Harvey Danger experienced a brief moment of mainstream ubiquity in 1998, when "Flagpole Sitta" made it arguably the least likely band ever to land a song on a Jock Jams compilation. The group wound up in a sort of commercial purgatory for years thereafter — too mainstream for the underground, too brainy for the mainstream — and disappeared around the time 2000's ambitious and frequently beautiful King James Version bombed. But some one-hit wonders deserve far more than one hit, and Harvey Danger's reputation is due for a Nada Surf-style reboot: The 2005 album Little By Little... is tremendous through and through, and its two full-length predecessors have aged exceptionally well.

Sadly, and pretty much inevitably, the band appears to have broken up for good, but it's left fans with a final salvo in the appropriately titled "The Show Must Not Go On," available on Harvey Danger's website as a free download. In a little less than six relentlessly catchy minutes, singer Sean Nelson and company craft a perfect breakup anthem, not to mention an appropriate soundtrack to the end of a hard year and a frequently brilliant career — a remarkable feat for a band that deserved more credit.
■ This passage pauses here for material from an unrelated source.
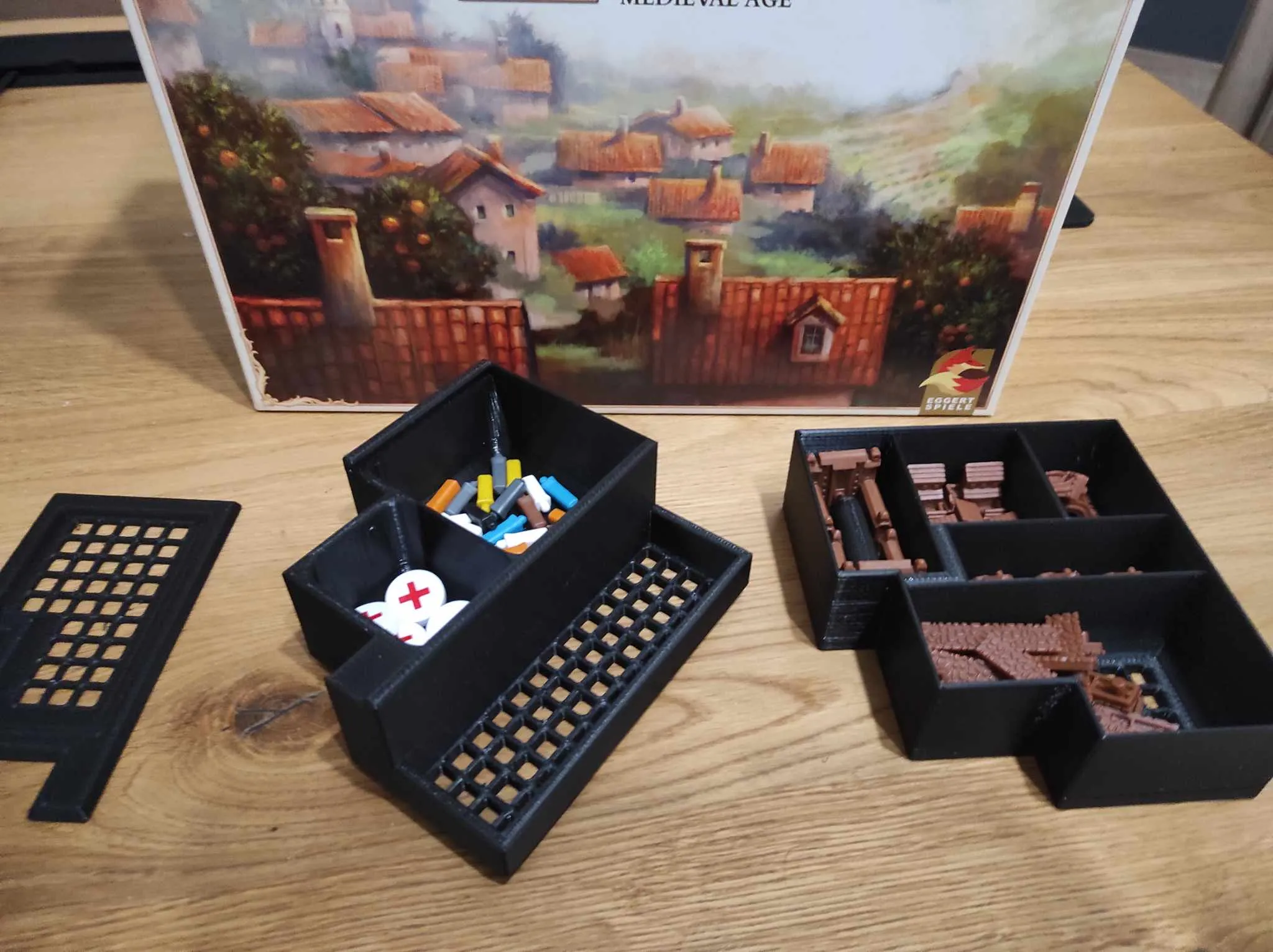 Insert module cho board game Era: Medieval Age và bản mở rộng Rivers and Roads, tập trung giảm setup và tiết kiệm không gian. Có khay dựng đứng, khay xúc xắc kiểu lâu đài, và không gian cho bản mở rộng nhỏ. Yêu cầu khoảng 1200g filament và bàn in 168x134mm. Không cần hỗ trợ in.
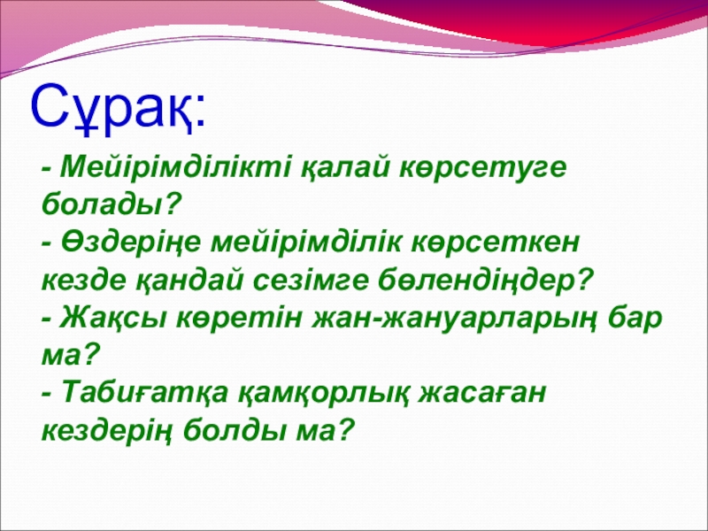 Сұрақ:- Мейірімділікті қалай көрсетуге болады? - Өздеріңе мейірімділік көрсеткен кезде қандай сезімге бөлендіңдер? - Жақсы көретін жан-жануарларың

"You can bash your head against the wall forever — the wall will never change," Nelson sings pointedly in "The Show Must Not Go On," adding, "but if you start to like the bloody bruises, the wall cannot be blamed." There's a lot of what sounds like hard-earned wisdom in those lines, not to mention more maturity than most breakup songs can muster. It's easy to locate the nobility in persistence, sure, but there's also wisdom in knowing when to pack it in and pursue happiness in other ways. Nelson clearly knows that, bypassing self-pity for a celebratory victory lap. Anyone who's had a lousy year would do well to jam "The Show Must Not Go On" as the clock strikes midnight. It'll make a powerful soundtrack to a much-needed drowning of the past.

This story originally ran on Dec. 30, 2010.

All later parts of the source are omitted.